Jazz in und aus Deutschland erfährt in aller Welt große Wertschätzung. Unsere lebendigen, vielfältigen und traditionsreichen Szenen des Jazz und der improvisierten Musik sind elementare Bestandteile unserer reichhaltigen Kulturlandschaft und locken Musikerinnen und Musiker aus vielen Ländern der Welt zum Studieren an eine der 18 Musikhochschulen mit eigenständiger Jazzabteilung und zum künstlerischen Arbeiten nach Deutschland.

Jazz als Musizier- und Lebensweise steht für viele Werte, die Voraussetzung für ein friedliches Miteinander in unserer multikulturellen und -ethnischen Gesellschaft und in unserer globalisierten Welt sind. Toleranz, Selbstbestimmtheit, Willensstärke, Offenheit und Neugier zählen zu diesen Werten, die durch die universelle Sprache des Jazz vermittelt werden.

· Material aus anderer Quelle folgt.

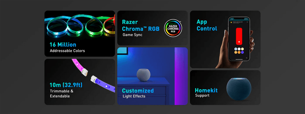 -Flexible stripes provide flexible length. The LED strip Pro can be freely trimmed* or extended to 10m (32.9ft).
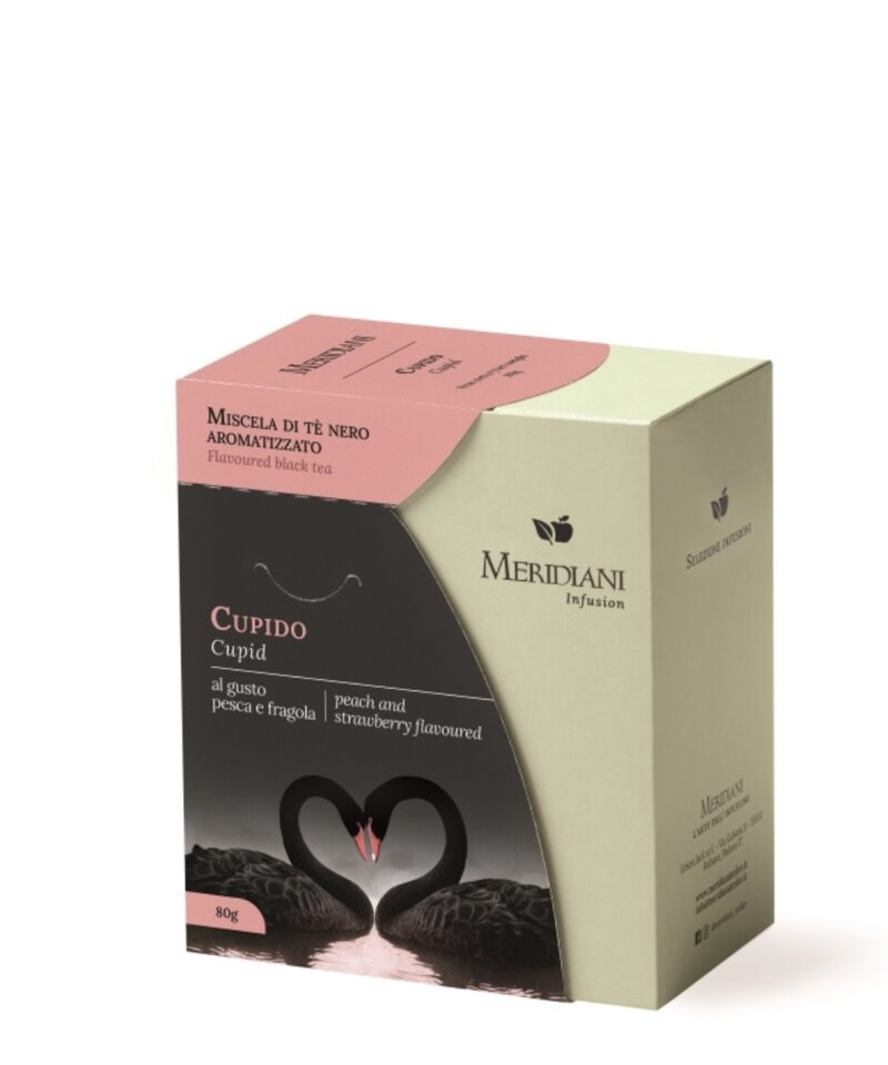 Il tè dell’amore. Una dolcissima miscela in cui le pregiate foglie di té nero fanno da sfondo a numerosi cuoricini rossi di zucchero. L’aroma di pesca e fragola la rende perfetta per scadare il cuore agli innamorati.

Jazz als Kunstform wirkt innovativ in alle gesellschaftlichen Bereiche. Diese Potentiale des Jazz müssen kulturpolitisch vermittelt und strukturell in der Breite gestärkt werden. Gute Lebens- und Arbeitsbedingungen für Musikerinnen und Musiker dürfen dabei nicht aus dem Fokus geraten. Dazu gehören angemessene Vergütungen für KünstlerInnen und MusikpädagogInnen, die auch eine soziale Absicherung und Altersvorsorge ermöglichen, sowie geeignete Spielstätten und Infrastrukturen.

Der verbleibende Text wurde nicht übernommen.